DDK RAPORU'DAN ÇARPICI TESPİTLER

GSM operatörlerinde 68 milyon kişinin verileri var

5809 sayılı Elektronik Haberleşme Kanunu’nun 56. maddesi ve Elektronik Haberleşme Sektöründe Tüketici Hakları Yönetmeliği’nin 15. maddesi uyarınca, abonelik sözleşmesinin yanında T.C. kimlik numarası ile kimlik belgesinin bir suretinin abonelik sözleşmesi ile muhafaza edilmesi zorunludur. Türkiye’de Haziran 2013 itibariyle mobil abone sayısının 68.025.878 olduğu düşünüldüğünde, 9 yaş üzeri nüfusun önemli bir kısmının kimlik fotokopilerinin, değişik abonelikler nedeniyle GSM operatörlerinde bulunduğu anlaşılmaktadır. 

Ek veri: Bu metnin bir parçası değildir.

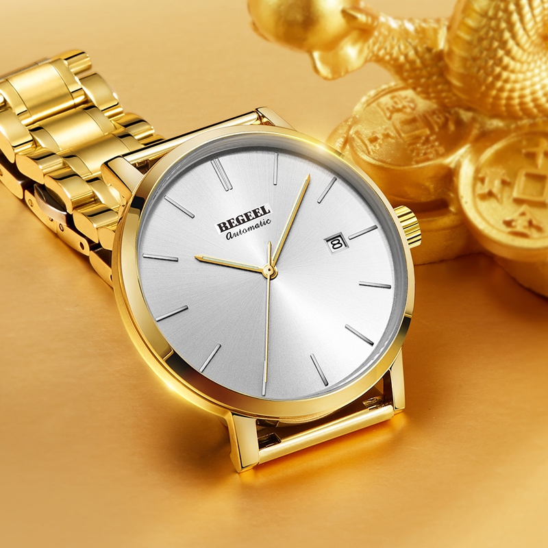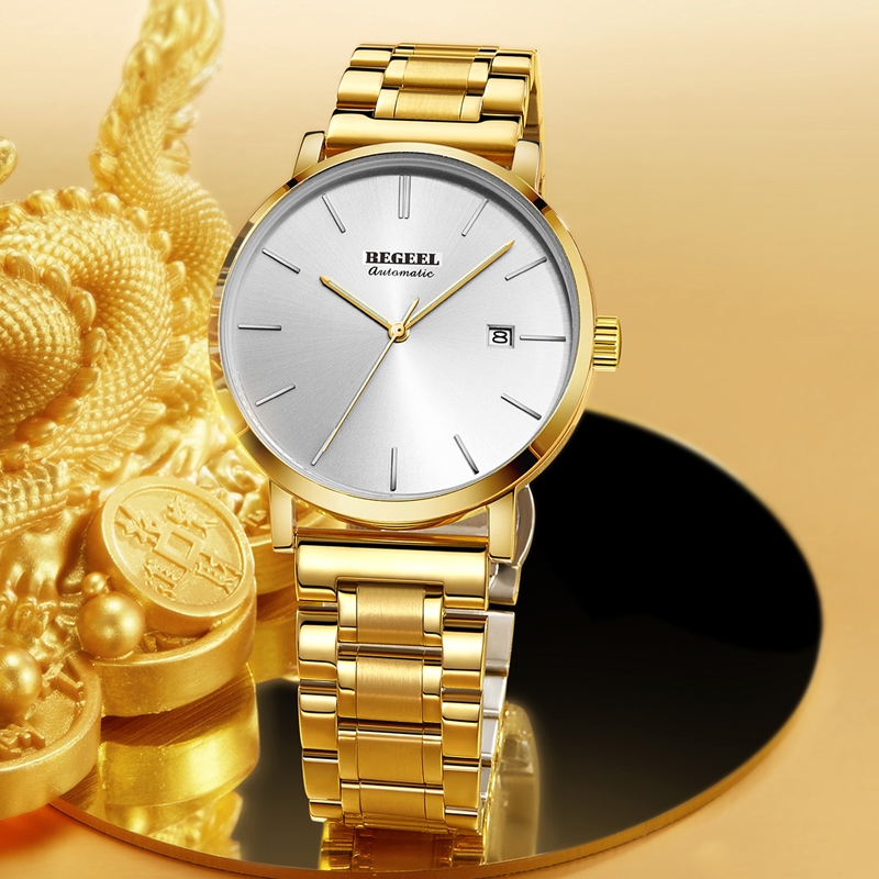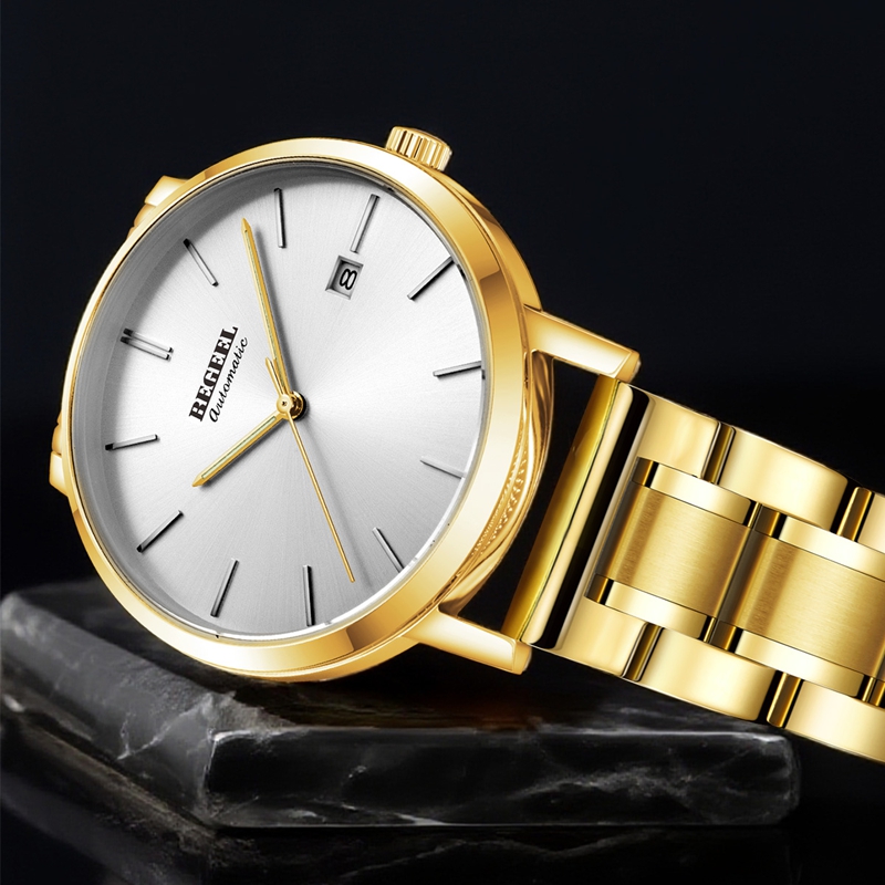 以划破夜空的黎明之剑为主要设计灵感,寓意光明与守护、刚毅与纯真,腕表整体设计风格经典大气、气度不凡,电镀真金精钢表壳搭配纯色表盘,高级儒雅,夜光指针,极简数字日历框,于锐气凌厉之中体现男士隐藏于简单之后的先锋精神,沉稳内敛,不拘一格。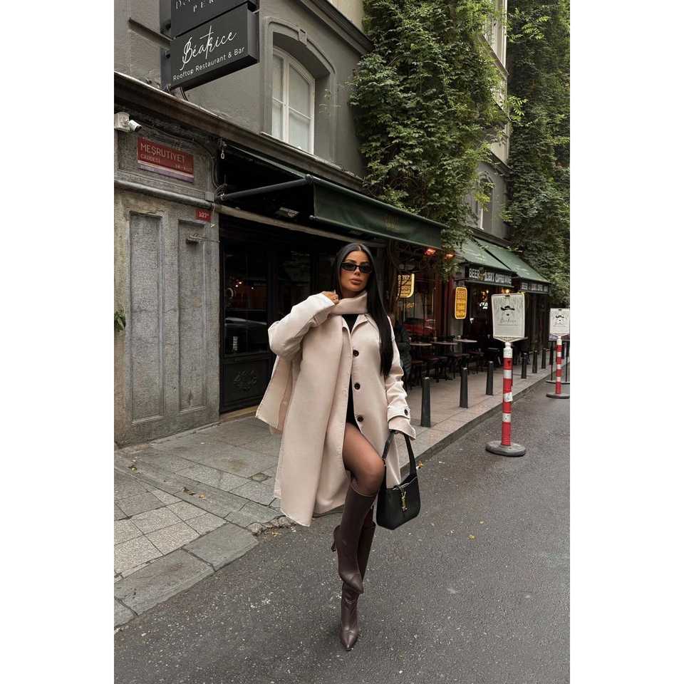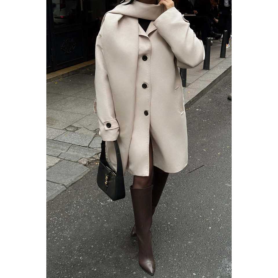 เสื้อโค้ทเทรนช์สีครีมสำหรับผู้หญิง กระดุมสองแถว ปิดด้านหน้า สไตล์วินเทจลำลอง บุด้วยผ้าฝ้าย ลายพิมพ์ฤดูใบไม้ร่วง พร้อมเข็มขัด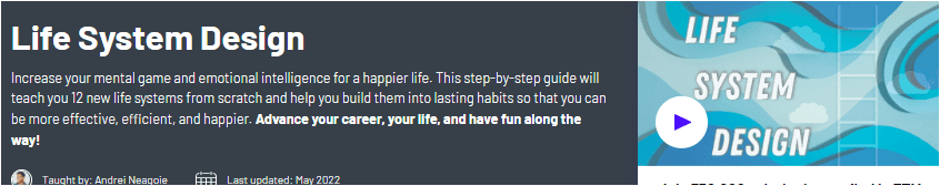 Может ли курс сделать вас счастливее? Может ли курс повысить ваш эмоциональный интеллект и сделать вас умственно сильнее? Я думаю, что да, и это курс, который я создал именно для этого. Я знаю, это смелое заявление... но этот курс разрабатывался в течение 10 лет, и я считаю, что он не похож ни на что другое, что вы там найдете. Курс научит вас 12 системам и предложит вам реализовать каждую из них через 30-дневный вызов, чтобы вы могли стать лучшей версией себя.

Bankalar, kanuna rağmen kimlik fotokopisi alıyor 

Kimlik Paylaşımı Sistemi Yönetmeliği’nin 11. maddesinin 3. fıkrasında; “Kimlik Paylaşımı Sistemi çerçevesinde kimlik bilgisine erişebilen kamu kurum ve kuruluşlarınca ve 5411sayılı Bankacılık Kanunu çerçevesinde faaliyette bulunan bankalarca kişilerden ayrıca nüfus cüzdanı örneği veya kimlik bilgilerine ilişkin başkaca bir belge istenemez.” düzenlemesine ve Ocak 2013 itibariyle Kimlik Paylaşım Sistemine online erişebilen kamu kurumu ve özel kuruluş sayısının 2.478 olmasına rağmen, pek çok işlemde kişilerin kimlik fotokopisinin alınması uygulamasına devam edilmektedir.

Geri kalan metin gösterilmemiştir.